▶ _What you need to do_
Using the material below, repeat exactly the lines from the one with "Dámska mikina rovného" through the one with "When i create", ends included, without any images.

+++ Data for analysis +++

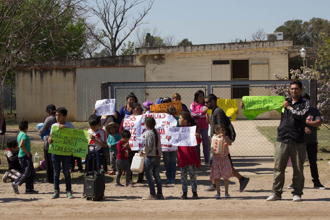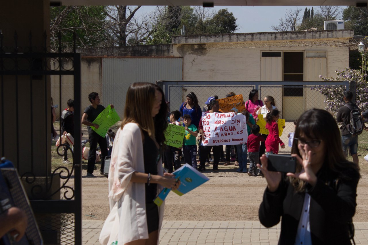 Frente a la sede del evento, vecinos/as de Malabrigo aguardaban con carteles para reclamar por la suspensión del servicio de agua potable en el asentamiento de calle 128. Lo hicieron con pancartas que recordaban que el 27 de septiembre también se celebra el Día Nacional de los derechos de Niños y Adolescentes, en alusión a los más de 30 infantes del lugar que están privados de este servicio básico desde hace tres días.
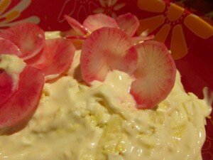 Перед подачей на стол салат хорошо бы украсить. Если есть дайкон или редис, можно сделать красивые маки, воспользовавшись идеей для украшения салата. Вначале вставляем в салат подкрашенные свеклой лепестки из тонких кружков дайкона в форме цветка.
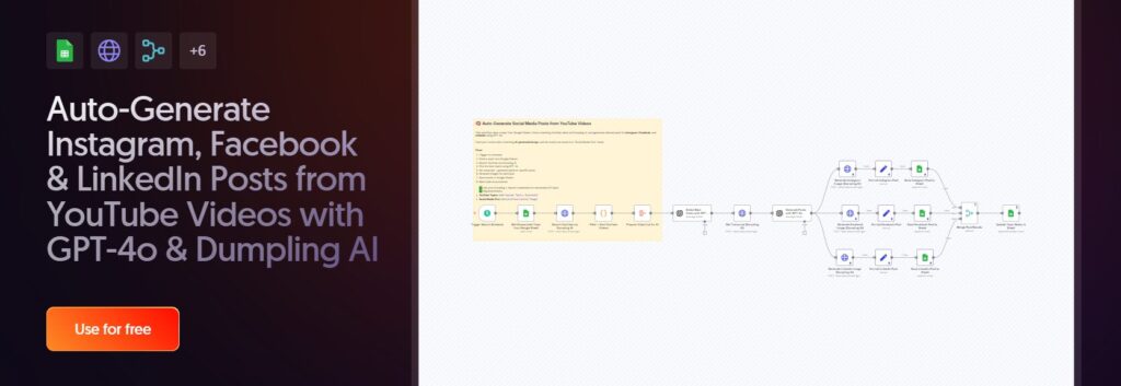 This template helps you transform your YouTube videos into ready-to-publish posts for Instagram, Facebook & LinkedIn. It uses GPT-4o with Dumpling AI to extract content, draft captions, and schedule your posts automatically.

+++
+++ Data for analysis +++

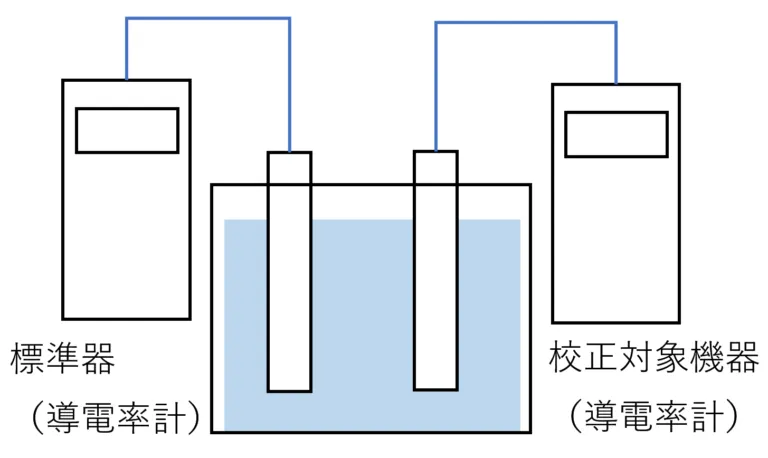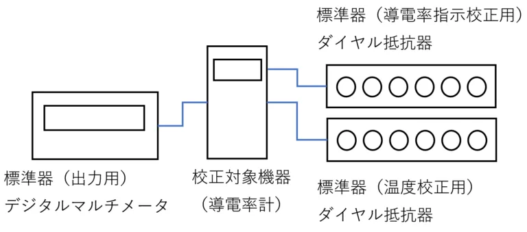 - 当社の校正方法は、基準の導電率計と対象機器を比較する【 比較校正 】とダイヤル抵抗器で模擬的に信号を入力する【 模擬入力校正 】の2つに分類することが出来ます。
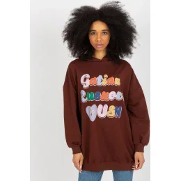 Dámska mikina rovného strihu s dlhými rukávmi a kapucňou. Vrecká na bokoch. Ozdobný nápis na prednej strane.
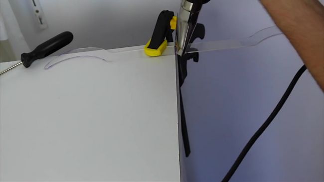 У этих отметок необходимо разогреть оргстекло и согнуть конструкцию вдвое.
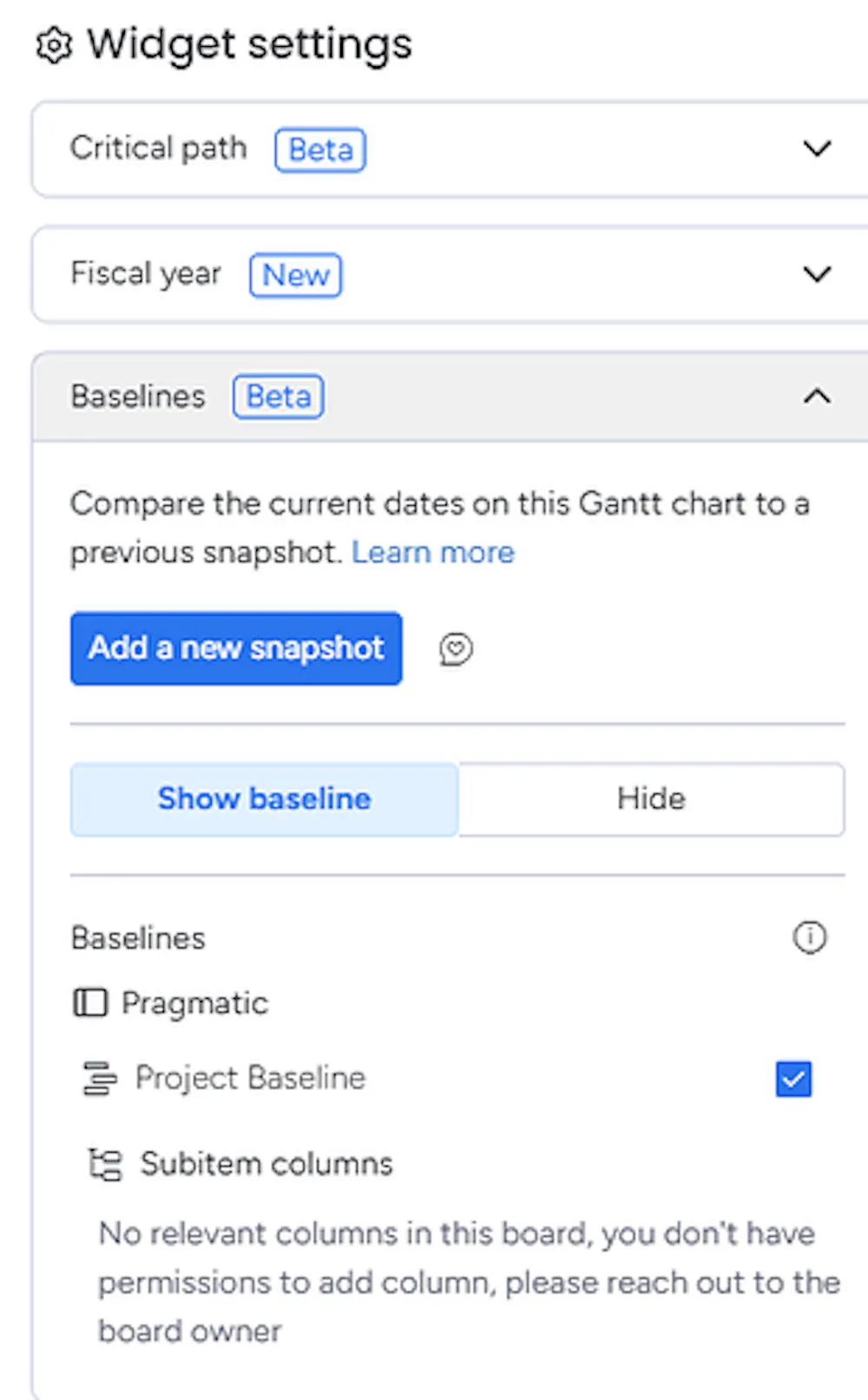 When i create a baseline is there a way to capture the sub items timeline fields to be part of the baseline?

+++

▶ _Answer to this problem_
 Dámska mikina rovného strihu s dlhými rukávmi a kapucňou. Vrecká na bokoch. Ozdobný nápis na prednej strane.
 У этих отметок необходимо разогреть оргстекло и согнуть конструкцию вдвое.
 When i create a baseline is there a way to capture the sub items timeline fields to be part of the baseline?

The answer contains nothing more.